However you want to look at it, Joe Dumars is one of the greatest Detroit Pistons of all time.
He played his entire 14-year career with the Pistons, something that is pretty rare, even for a guy who made six All-Star teams. Players were much more likely to stick with their original teams in those days, but even Michael Jordan didn’t play his entire career with one team.
Joe Dumars was one of the best two-ways guards in NBA history, as he could get you 25 points on one end and guard the other team’s best perimeter player on the other. The passing of time has actually made Dumars underrated as a player, but those of us who saw him play know that he is arguably the second-best Piston of all time after Isiah Thomas.
But he wasn’t just great as a player, he acted as a bridge between three different eras of Detroit Pistons’ basketball and helped bring success to all of them.
Detroit Pistons: Joe Dumars connected three eras
Dumars won two titles with the Detroit Pistons as part of the Bad Boys, the era that really defined the franchise and put them on the NBA map.

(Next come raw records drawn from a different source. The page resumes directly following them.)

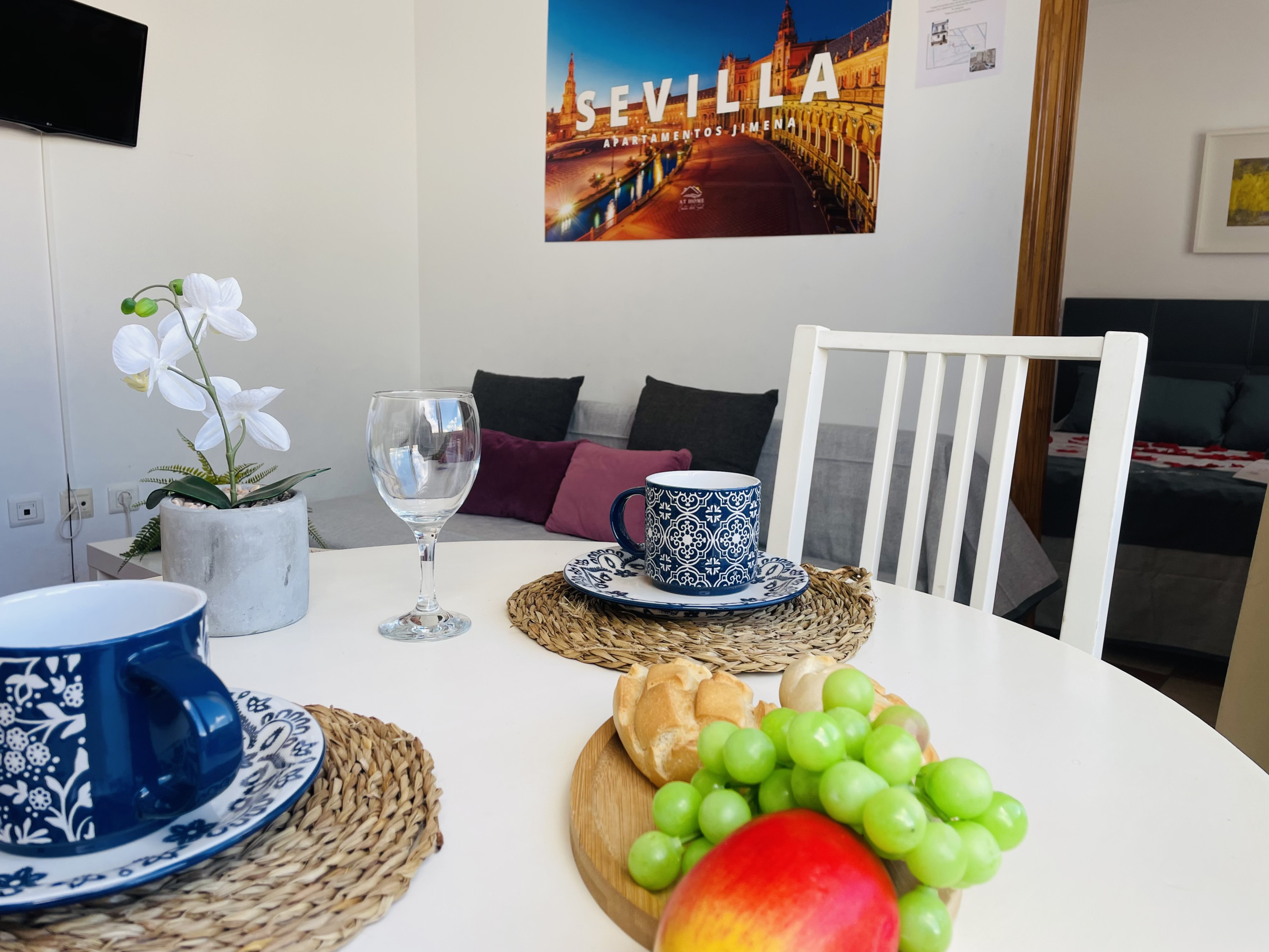 Questo appartamento è completamente attrezzato per garantire un soggiorno confortevole. Dispone di un accogliente soggiorno con cucina americana, una camera da letto con letto matrimoniale, un bagno, un piccolo balcone e un incantevole patio andaluso.
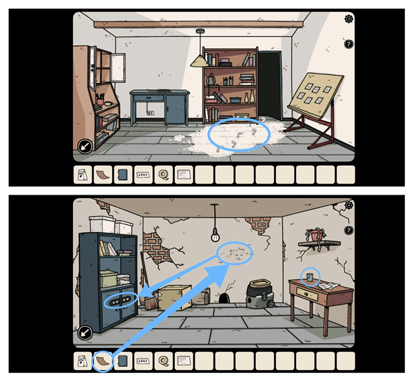 到二楼右侧房间用扳手卸下扫描仪的电源盖再装上电池,然后根据纸条上的提示依次扫描四件道具获得四个「符号密码」,最后打开左上方的柜子拿到里面的「砂纸」和「面粉」。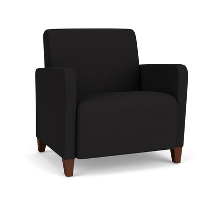 Lesro Ravenna Oversize Fabric Guest Chair, Open House Black/Walnut Wood (RV1201.FWL-01OHBK)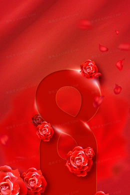 红色浪漫唯美38女神节化妆品促销海报背景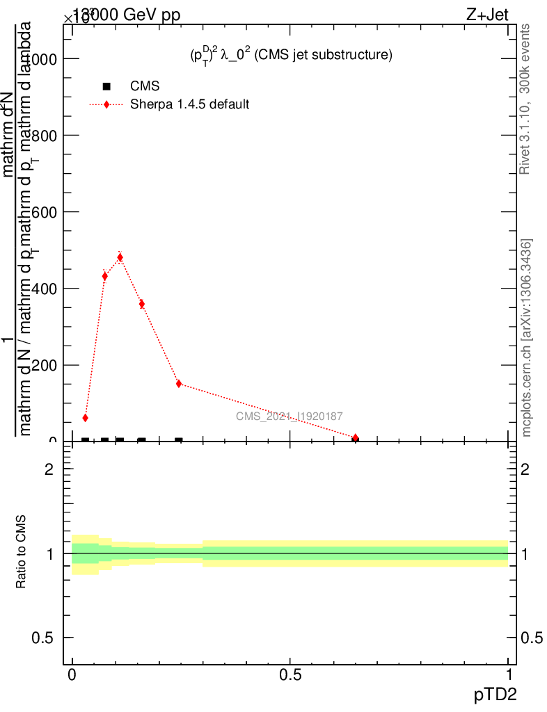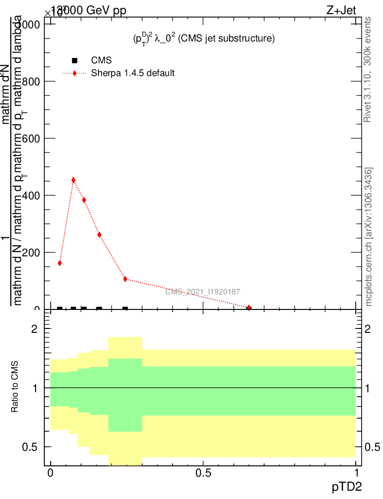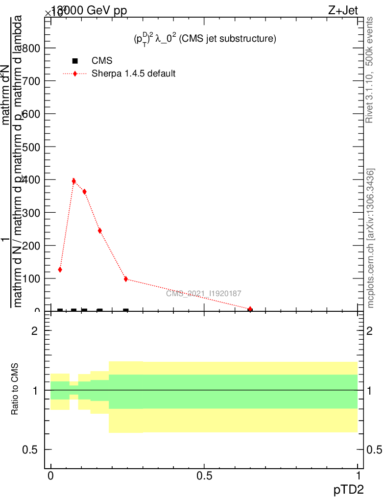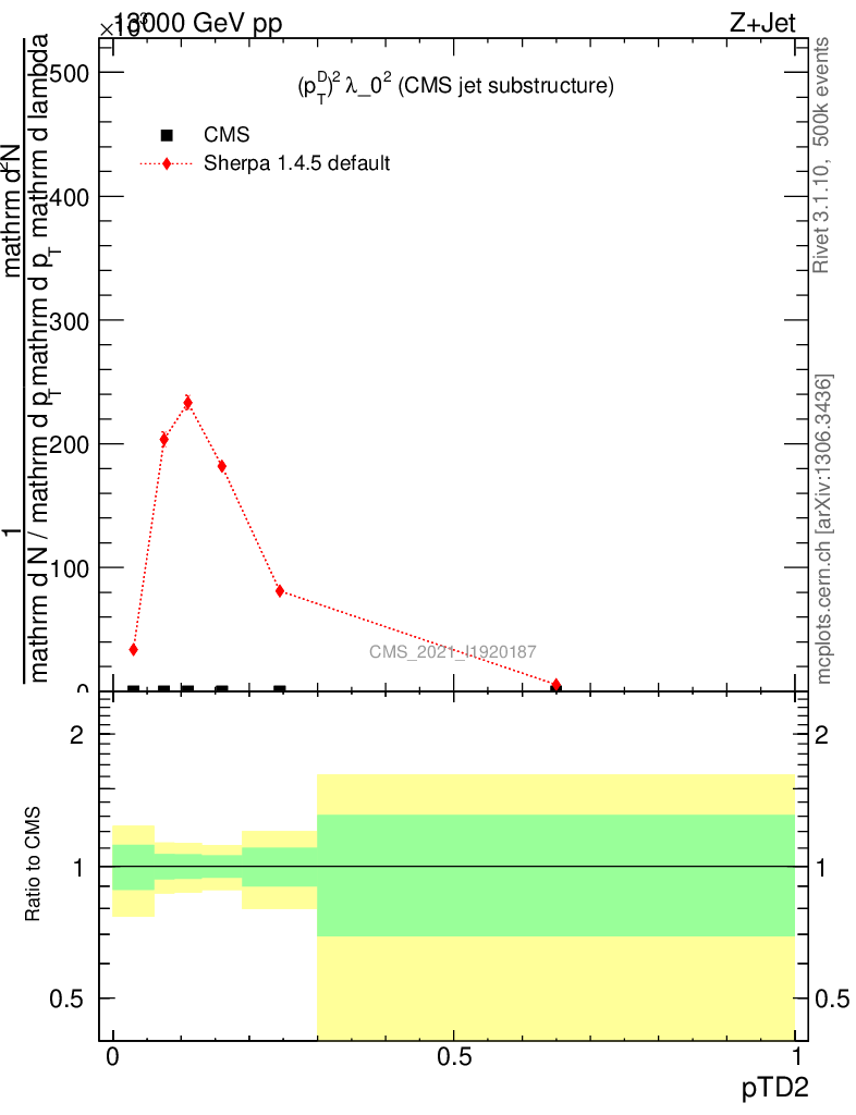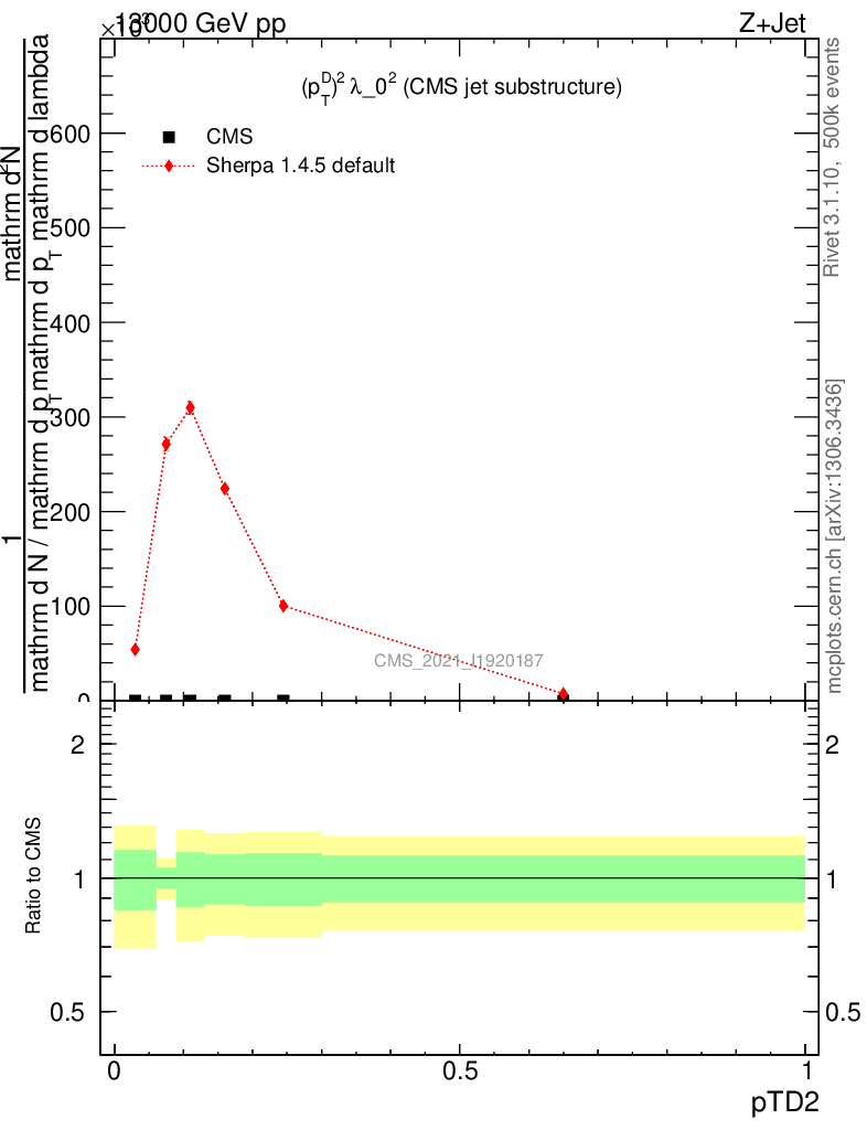 Plot of j.ptd2 in 13000 GeV pp collisions

I would argue that the 1988-89 Pistons were a top-5 team of all-time, a deep and talented group that had one of the best defenses in the NBA but also boasted an underrated offense as well.
That era came to a fairly abrupt end and the team started to break apart, but Dumars didn’t go anywhere. He was still on the team when they drafted Grant Hill, and was part of the 1996-97 squad that might have been the Pistons most overachieving team in franchise history.
Dumars finally retired after the1998-99 season as one of the greatest Pistons of all time and the lone holdout from those Bad Boys’ teams, the guy who ushered in a new era.
But he wasn’t done there.
Dumars was hired as President of Basketball operations just a season later, and would once again be tasked with being the bridge between eras.
He was one of the best executives in the NBA in his 14 seasons, winning a title, two Eastern Conference championships and six trips to the conference finals, again acting as the bridge between the Grant Hill era and the Goin’ to Work crew.
It’s hilarious and criminal that some fans think of Dumars’ time as an executive a failure because he hired some bad coaches and made a few bad free-agent signings in the latter stages of his career with the Pistons, as few executives in the history of the sport have put together a run of sustained success like Dumars had.
I think when you factor in his many roles and longevity with the team, as well as his success as star player, role player and executive, Joe Dumars has an argument as the greatest Piston of all time.